Monday, February 26, 2007

Red Carpet

As something of a film fancier and enjoyer of nice dresses, the Oscars is something that I get excited about, although always seem to forget to book time off work in order to be able to stay up and watch it. However, seeing as it overruns by a lot and gets a bit boring, that's probably a good thing as I can still enjoy it without having to sit through it. I've just been reading through a post via my favourite website Go Fug Yourself here (scroll down for Fugging the Oscars), which is a blow-by-blow account that made me laugh quite a lot. Essentially: Helen Mirren and Forest Whittaker won. Big surprise. Alan Arkin won, which is good as Little Miss Sunshine was genius, although I loved Mark Wahlberg so much in The Departed that I was secretly holding out for him. Martin Scorsese and Thelma Schoonmaker (my favourite editor) both won for The Departed which also won best film. Although there were better films, I'm just really glad it won over Babel and The Queen. I haven't seen either of those for a reason. The fact that Babel was by the same guy who did 21 Grams didn't encourage me to see it as that was one of those films, like Mystic River, that I felt I was supposed to like because it was very serious and important but came out of feeling very let down. I also read a review of Babel that said that if the same idea had been done with a more positive feel, it would have been ridiculously naive, but as it was a depressing subject matter, we're supposed to take it seriously, which is pretty much my feeling about 21 Grams and confirmed my prejudice. And I know I should probably see The Queen and get my ideas changed about her but I don't want to. She's just a woman with a crappy job who's pretty much out of touch with modern Britain for all of her hand-shaking and hospital visiting. I feel sorry for her but I'm not interested enough to spend two hours in her company.

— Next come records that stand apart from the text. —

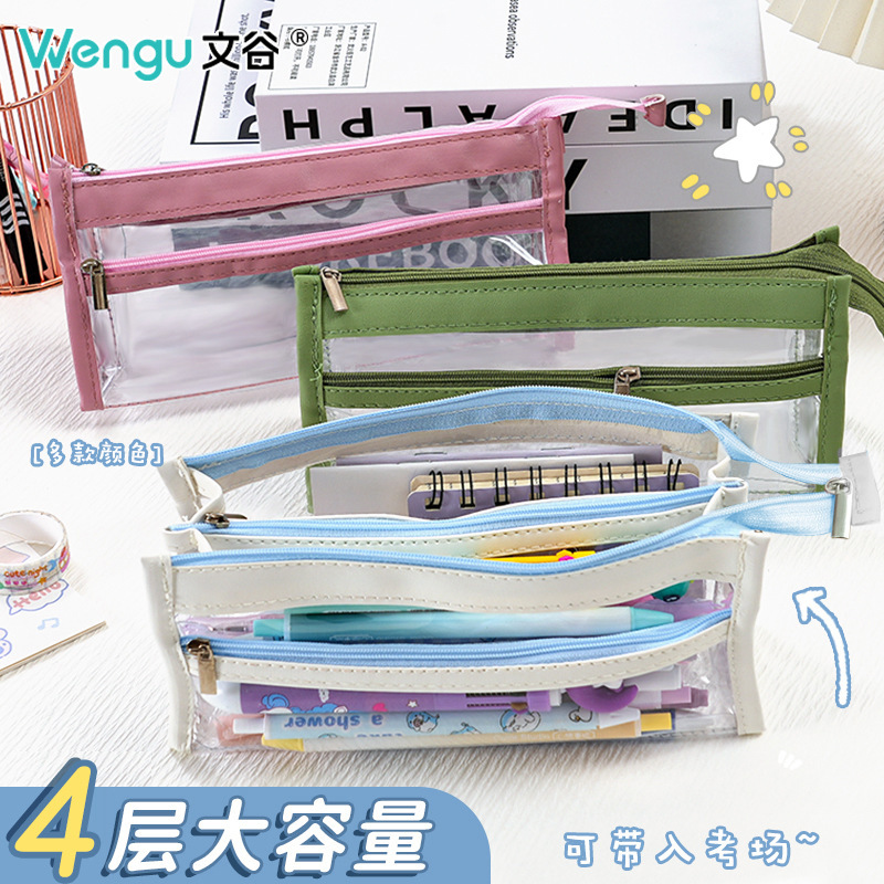 シンプル新四段透明筆袋試験文房具収納袋学生文房具ケースins鉛筆袋大容量
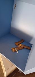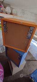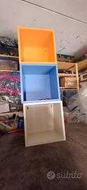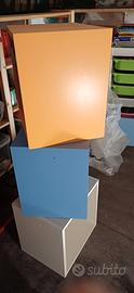 2 Cubotti porta oggetti color arancio ed azzurro impilabili o attaccabili al muro. Misure 45x45 Cubotto celeste leggermente graffiato all' interno.
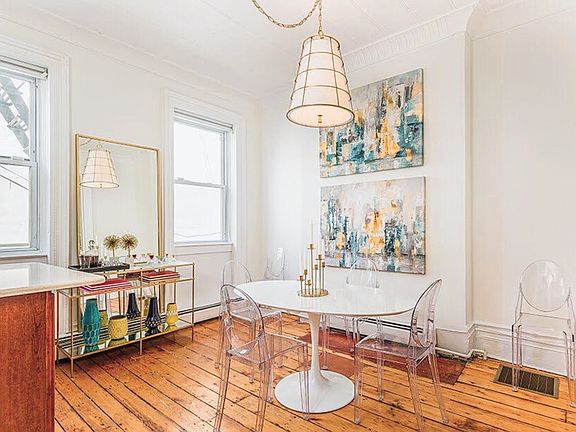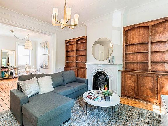 This charming and sun-drenched home is located on a tree-lined street in the heart of the Downtown Jersey City historic district, just 3 blocks from the Grove Path station. The unit features a private backyard, beautiful wide-plank rustic floors, 11' ceilings, a decorative fireplace with a stunning mantle, historic trim and crown moldings. This home has a spacious living room, formal dining space, and a fabulous chef's kitchen that is accentuated with abundant natural light. The kitchen features granite countertops with a breakfast bar, stainless steel appliances, and ample cabinet space. The first level boasts two spacious bedrooms, with gleaming hardwood floors and large windows. This home also features a partially finished basement that is for the private use of this unit. The private basement has the washer/dryer and tons of space for storage! Come see this home today!
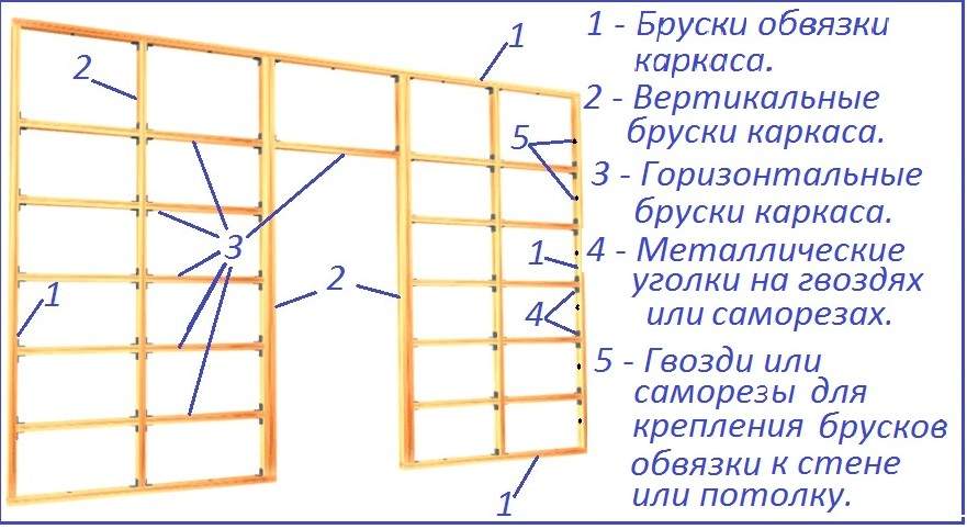 С помощью дополнительных брусков формируют углы. Горизонтальные рейки вверху и внизу стены служат опорой для галтелей и плинтусов.
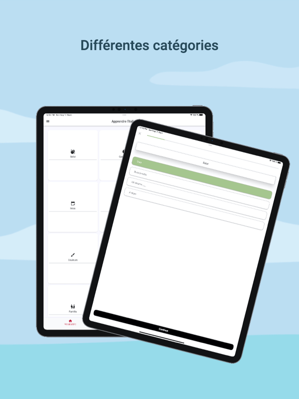 **Catégories variées : Nous proposons une gamme diversifiée de catégories pour vous aider à maîtriser l'italien, que ce soit pour voyager, travailler ou simplement pour le plaisir. Vous trouverez des mots et des phrases utiles dans chaque catégorie.

To be honest, the awards are generally a let-down after all the hype and the speeches can be embarrassing but the outfits never let us down. Annoyingly my favourite dress of the year belonged to Reese Witherspoon. And it's dark blue, which I always feel is a back-up black at awards ceremony, i.e. dull. But unfortunately, having looked at several photos, I still love it to bits. It's gorgeous. Cate Blanchett's was much less upsettingly pleasant as it was interesting, unusual and on an actress who I respect and like, and who appears uncredited in Hot Fuzz (it is her - I've had it confirmed. I am no longer the crazy woman ranting about how I know it is her to a defiant MuleBoy. I am now the crazy woman with proof). Gwyneth, Penelope and Jessica Biel all came a cropper to unpleasant shades of pink. I liked both Eva Green and Nicole's dresses but their faces scared me. Cameron Diaz decided to wear white, which always looks bridal, and she managed to get a dress so architectural in structure that she looks like a bride from an awful 80s wedding. Or a really clean version of the Tricorn Centre. And she should stop being brunette. I thought that Helen Mirren looked great but she generally does. Kate Winslet, my favourite red carpet person, looked a bit lacklustre. Mainly because of her hair. But she wore a colour which is the most important thing. My favourite men were Robert Downey Jr, Clive Owen and James McAvoy. Eddie Murphy looks like he thinks that he's still in Dreamgirls and Djimon Hounsou, lucky bastard who got to sit next to Jack Nicholson in the front row (if I ever go to the Oscars, I want to sit there. Can you imagine getting little asides from Jack Nicholson? Also, he always genuinely looks like he's having fun), had shiny edgings to his lapels. Daniel Craig is always gorgeous but, like Eddie, seemed to forget he wasn't actually on set and had dressed Bond-appropriate. I know it's difficult to escape Bond comparisons in a tux but would refer him to Clive Owen's example. The rebel didn't wear a tie of any kind! And it still worked.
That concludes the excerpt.